[mythtv-users] Making the scheduler and/or MySQL thrash the disk less

Wed Sep 13 06:44:52 UTC 2006

The scheduler is trashing my recordings, and I'd like advice on how to
make it stop.  I've taken some rather extreme steps and they've only
helped a little.

When a recording ends, it triggers the scheduler to run.  That run
thrashes the disk hard enough that it leads to IOBOUND errors that
drop 10-30 seconds from all streams being captured at the time.
Since almost everything I record runs with 1-2 minutes of postroll,
this pretty much guarantees that any recording that ends will trash
an in-progress recording 1-2 minutes in.  I'm running with "-v all"
logging and it's really, really obvious that the scheduler runs all
start about 10 seconds before IOBOUNDs start cropping up.

(Amazingly, checking, optimizing, and mysqldumping the database does
-not- thrash the disk hard enough to cause this---but the scheduler
query -does-.)

If 0.20 thrashes the disk less, that'd be good to know, but somehow I
doubt it.  Can I retune MySQL somehow?  Do something else?

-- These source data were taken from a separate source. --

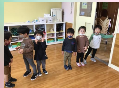
あとは「ちゅーっりっぷ」「てをたたきましょう」「しあわせなら手をたたこう」「ドラえもん」「おはようクレヨン」などなど歌っています(*^-^*)
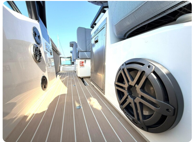
Saxdor 320 GTO Audio System
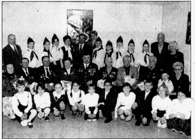
На встрече ветеранов с жуковским отрядом

Президиум городского совета ветеранов подвел итоги городского смотра-конкурса ветеранских организаций за 2002 год. Участвовали 32 организации, объединяющие шестнадцать тысяч человек. Особое внимание обращалось на работу по патриотическому воспитанию молодежи.

Configuration:  MBE w/5 PVR-250's on an MSI K7N2 Delta-L w/AMD 2800+
CPU, 1 GB RAM, and 2 Seagate 200 GB PATA IDE drives on opposite buses
(e.g., /dev/hda and /dev/hdc).  SBE/FE w/1 PVR-350, identical memory,
RAM, and drives.  100Mbps switched net between them.  Running Ubuntu
Breezy & Myth 0.18.1; root filesystem (also used by MySQL) is ext3fs;
media filesystems are JFS.  The main recording directory is on the
JFS on the MBE's hdc; the SBE streams over the network via NFS to
that directory.  The OS & MySQL DB are on MBE's hda.

Here's what I've done:
o  Yes, the database is frequently checked & optimized.
o  Maximal buffering (see the wiki, e.g., "options ivtv yuv_buffers=32
   mpg_buffers=16 vbi_buffers=16 pcm_buffers=16 dec_osd_buffers=2"),
   which chews up a rather enormous amount of RAM but still leaves me
   with ~150meg free RAM on the MBE (I sent a message a week or two
   ago asking -why- the memory usage was so high, but got no response).
o  The OS (and MySQL) are currently using hda, while the media
   filesystem is on a separate spindle -and- bus (hdc).

If the machine is otherwise unloaded but recording a single stream,
the scheduler query isn't bad enough to get an IOBOUND.  Even if it's
recording all 6 possible streams (but doing nothing else), the
scheduler won't get an IOBOUND.  (OTOH, before I went to maximal
buffering -and- put the DB on its own spindle, I could get IOBOUNDs by
doing innocent scheduling operations [e.g., in MythWeb, going from
dup-check of "All Recordings" to "Only New Episodes" if that caused
the un- or re- scheduling of a dozen episodes of something], so doing
both the buffering and the second spindle -did- help.)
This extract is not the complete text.